» Exercise aim:
Nothing but the lines below from the one holding "2021 original new" up to and including the one holding "Navy Blue Color" should be copied, exactly and without pictures.

» Records for the task:
↓↓↓

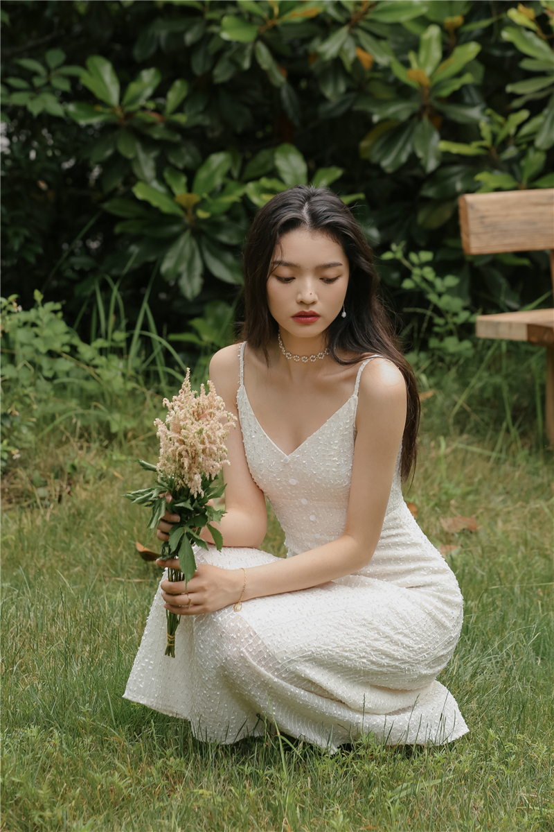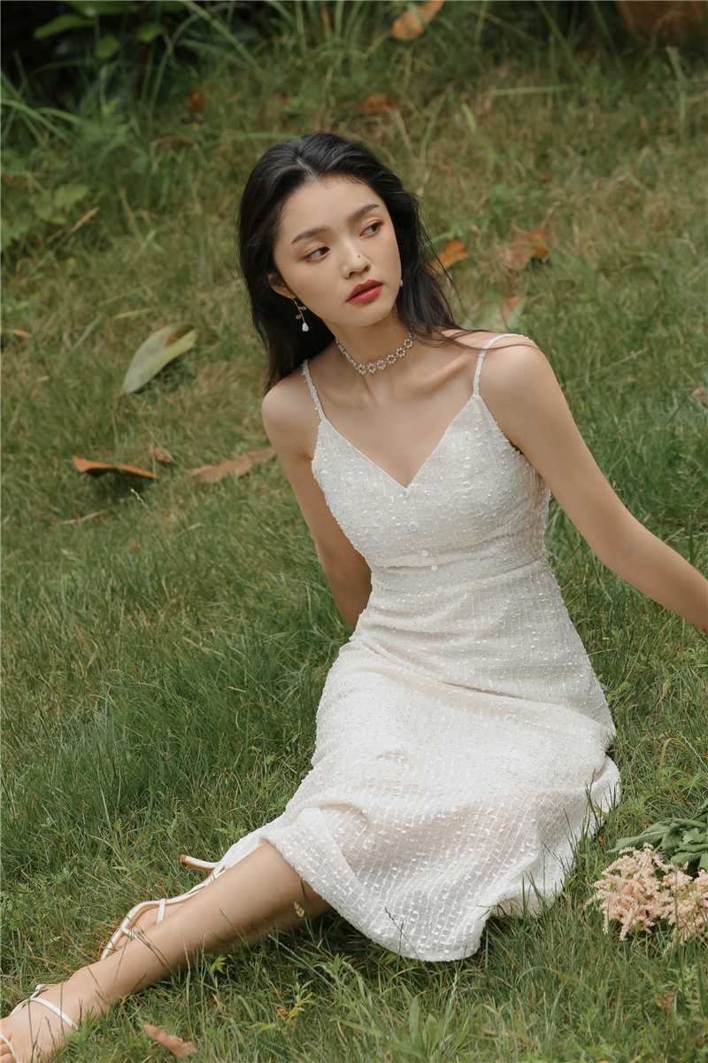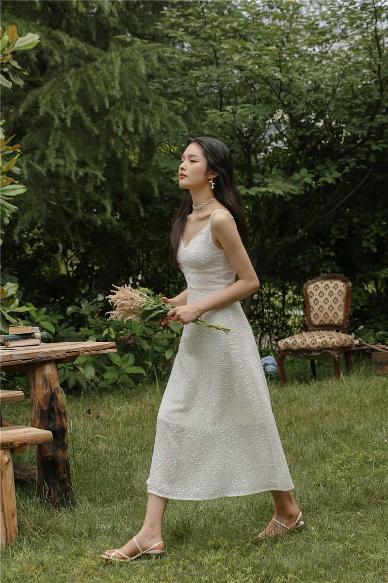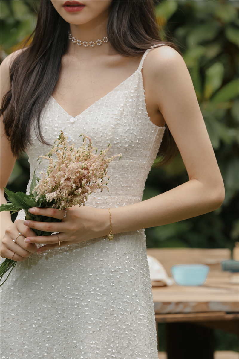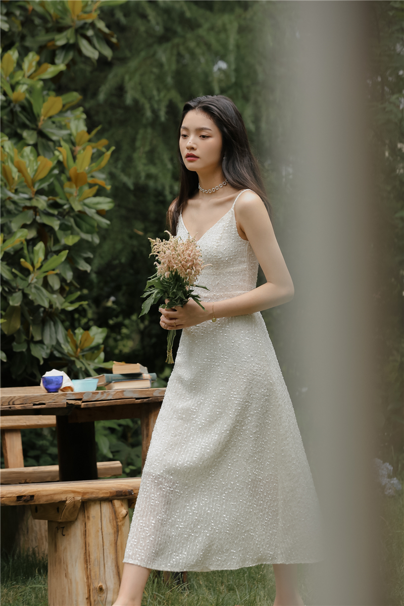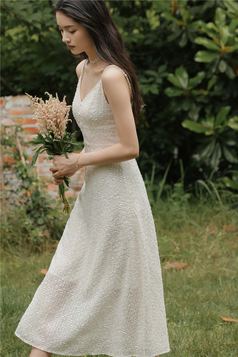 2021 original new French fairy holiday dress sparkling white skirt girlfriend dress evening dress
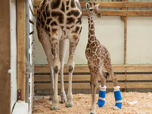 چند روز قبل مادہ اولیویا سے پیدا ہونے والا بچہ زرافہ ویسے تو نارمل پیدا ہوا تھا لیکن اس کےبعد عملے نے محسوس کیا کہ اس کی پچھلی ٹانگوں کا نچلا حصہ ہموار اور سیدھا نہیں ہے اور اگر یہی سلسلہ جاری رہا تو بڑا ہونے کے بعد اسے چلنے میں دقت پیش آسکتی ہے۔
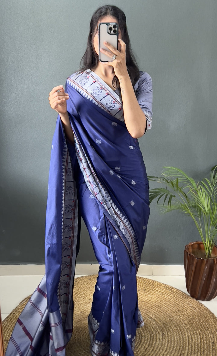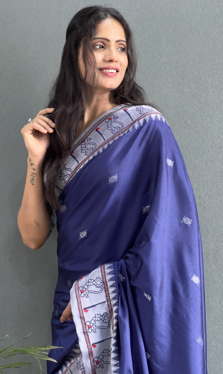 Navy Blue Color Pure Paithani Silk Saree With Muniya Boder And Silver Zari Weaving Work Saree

↑↑↑
↓↓↓

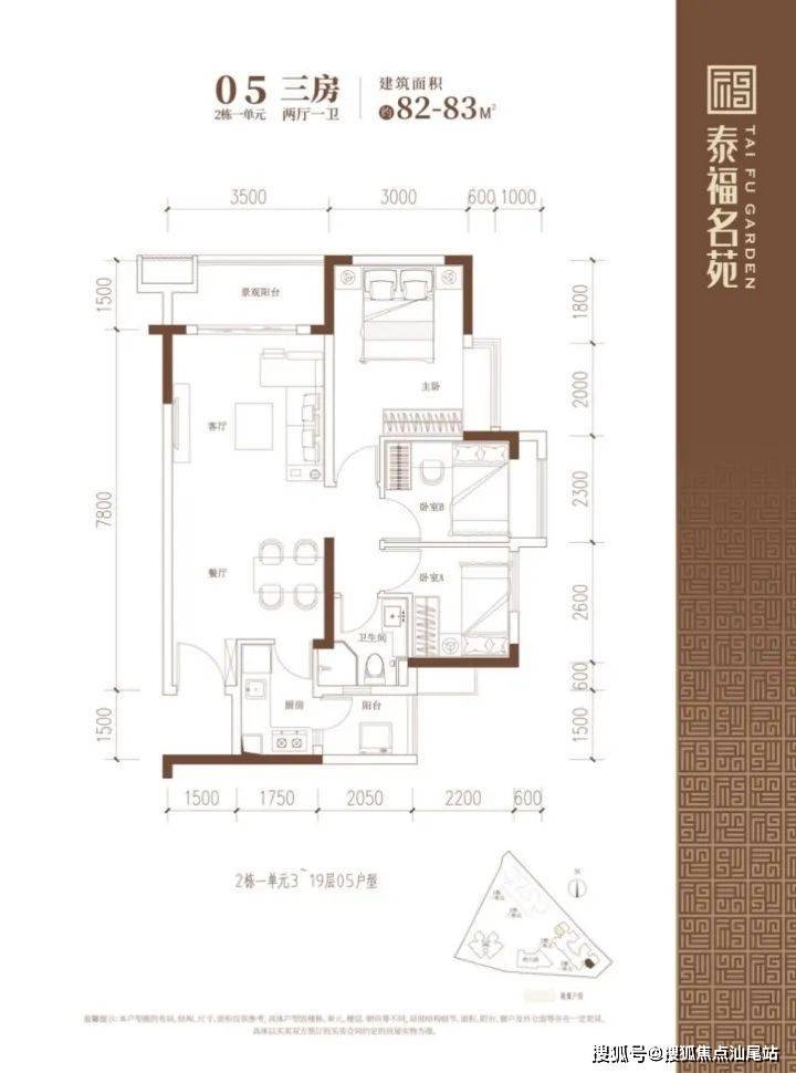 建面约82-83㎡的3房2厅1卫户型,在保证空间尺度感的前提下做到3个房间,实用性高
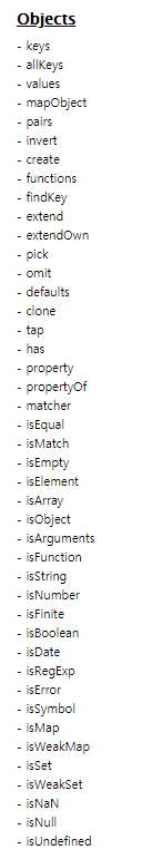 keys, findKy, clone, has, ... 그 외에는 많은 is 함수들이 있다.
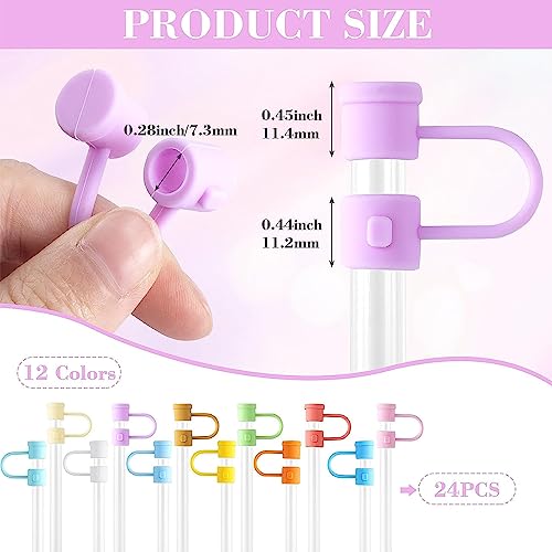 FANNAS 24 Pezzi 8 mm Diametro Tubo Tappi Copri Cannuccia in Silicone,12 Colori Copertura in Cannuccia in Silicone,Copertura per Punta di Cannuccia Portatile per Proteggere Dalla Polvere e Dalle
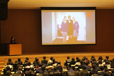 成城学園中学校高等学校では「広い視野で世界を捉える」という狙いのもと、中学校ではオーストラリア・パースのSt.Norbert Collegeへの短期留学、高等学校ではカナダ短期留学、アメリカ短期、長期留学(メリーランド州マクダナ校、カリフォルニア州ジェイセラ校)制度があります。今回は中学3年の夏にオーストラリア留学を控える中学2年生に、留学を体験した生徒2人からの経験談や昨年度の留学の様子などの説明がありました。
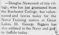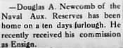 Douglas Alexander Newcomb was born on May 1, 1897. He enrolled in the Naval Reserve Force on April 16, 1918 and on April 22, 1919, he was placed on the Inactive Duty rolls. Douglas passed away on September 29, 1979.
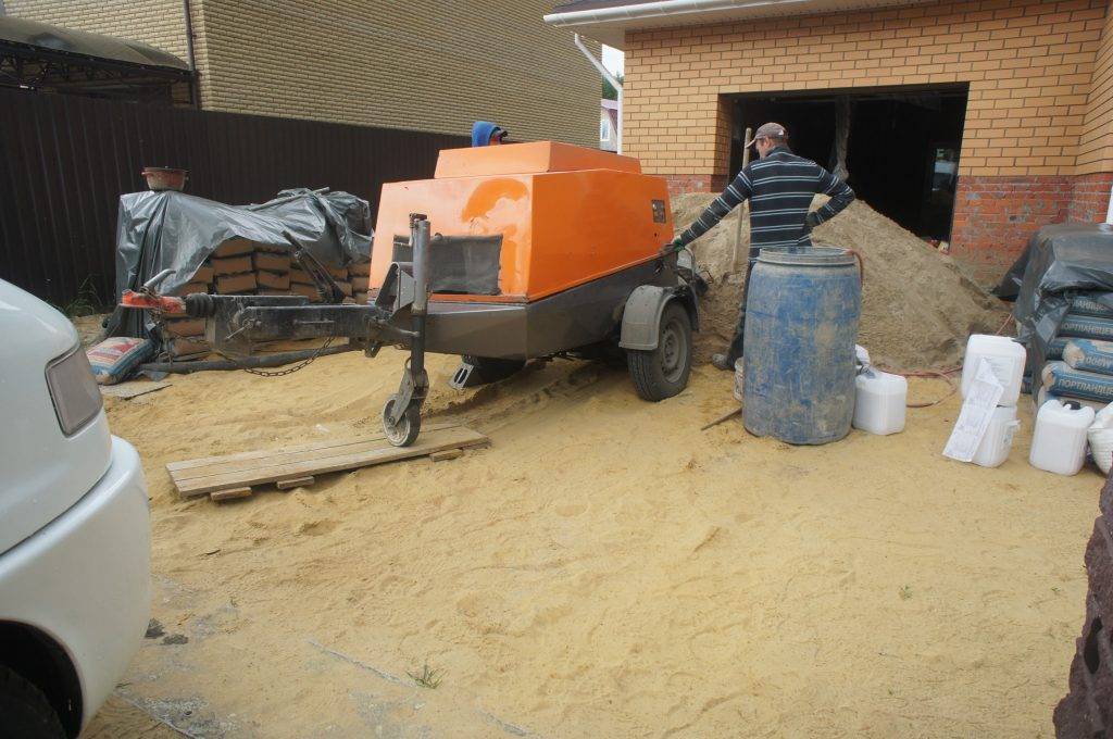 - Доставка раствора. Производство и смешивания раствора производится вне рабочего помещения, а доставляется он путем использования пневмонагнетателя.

↑↑↑
↓↓↓

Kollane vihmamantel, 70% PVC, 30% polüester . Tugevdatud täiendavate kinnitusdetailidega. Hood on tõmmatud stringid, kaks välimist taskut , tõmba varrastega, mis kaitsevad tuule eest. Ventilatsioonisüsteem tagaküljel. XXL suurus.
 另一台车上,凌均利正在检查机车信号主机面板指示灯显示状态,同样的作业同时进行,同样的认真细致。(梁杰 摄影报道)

↑↑↑

» Written answer:
 2021 original new French fairy holiday dress sparkling white skirt girlfriend dress evening dress
 چند روز قبل مادہ اولیویا سے پیدا ہونے والا بچہ زرافہ ویسے تو نارمل پیدا ہوا تھا لیکن اس کےبعد عملے نے محسوس کیا کہ اس کی پچھلی ٹانگوں کا نچلا حصہ ہموار اور سیدھا نہیں ہے اور اگر یہی سلسلہ جاری رہا تو بڑا ہونے کے بعد اسے چلنے میں دقت پیش آسکتی ہے۔
 Navy Blue Color Pure Paithani Silk Saree With Muniya Boder And Silver Zari Weaving Work Saree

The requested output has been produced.